The key insight: Each iteration, the agent tries, checks its work, and adjusts. It's the same loop we use in TDD. Write a test, fail, fix, pass. Ralph automates that cycle for agents, but again, feedback loops are key here too. If you write a bad unit tests, it will pass but the behavior will be not well implemented. If you do the same with the feedback loop, the agent will write code that doesn't meet your expectations but it will pass the checks. So you need to make sure your feedback loops are tight and effective.

How it works:

  1. You define tasks in a prd.json file
  2. Ralph picks the next incomplete task
  3. Agent implements it and runs checks
  4. If checks pass, it commits and marks the task done
  5. The agent instance dies
  6. A new agent instance with a clean context window is created
  7. New agent instance picks the next task
  8. Repeat until all tasks complete

Resources:


These four concepts are your foundation. Master them and you'll be ahead of most developers still figuring this out.

But here's what I really want to say: this is the moment.

I feel like I'm back in college — devouring everything I can about how things are built. Back then it was stories about Linus creating Linux in his dorm, or how Dell started from a garage. Now it's reading about how someone built an autonomous agent over a weekend, or how a solo dev shipped a product that would've taken a team of ten.

The stories are everywhere.
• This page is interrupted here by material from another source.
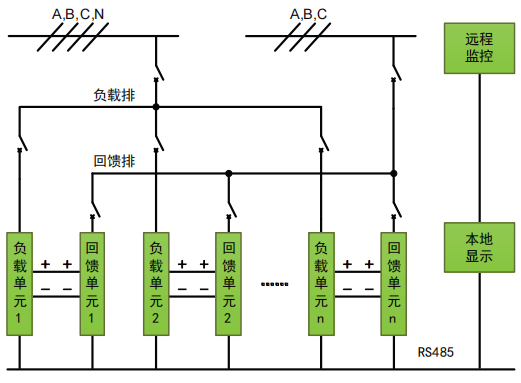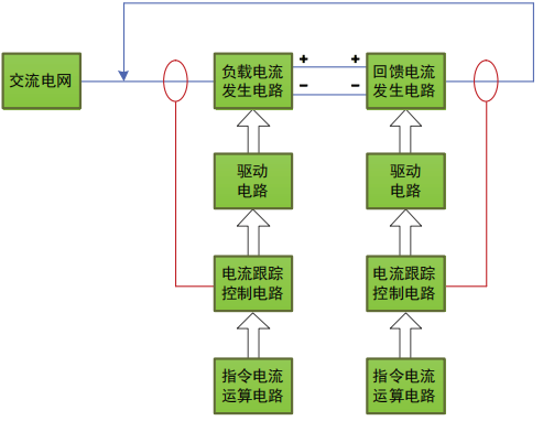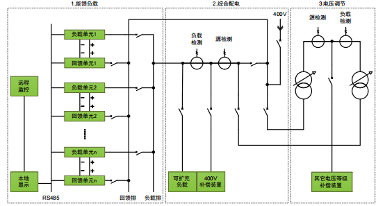 每個“負載單元”可以編程輸出各種負載波形,其輸入的有功功率通過“回饋單元”實現(xiàn)平衡。由于“回饋單元”可以實現(xiàn)雙向能量控制,因此“負載單元”通過編程可以模擬為阻性負載、容性負載、感性負載、整流器負載、電動機、發(fā)電機等各種類型的負載,也可以模擬以上幾種類型負載的疊加。

Filter out the hype and the self-promotion. Find the builders who share what they actually learned. Read their journeys from start to finish. That's where the real lessons are.

Here's one I read this week: Mario Zechner's "What I learned building an opinionated and minimal coding agent". He explains why he built his own agent instead of using what's out there, and every decision he made along the way. Read it from start to finish. That's the kind of content that makes you better.

We're living through something big.

AI will not replace developers, it's like having bionic legs. You now don't need to worry about if your legs will be strong enough to run a marathon, you just need to think on how it's the best approach, the right strategy, the best way to use them to finish the race first. You need to focus on be the command of the starship, let the agents be your crew.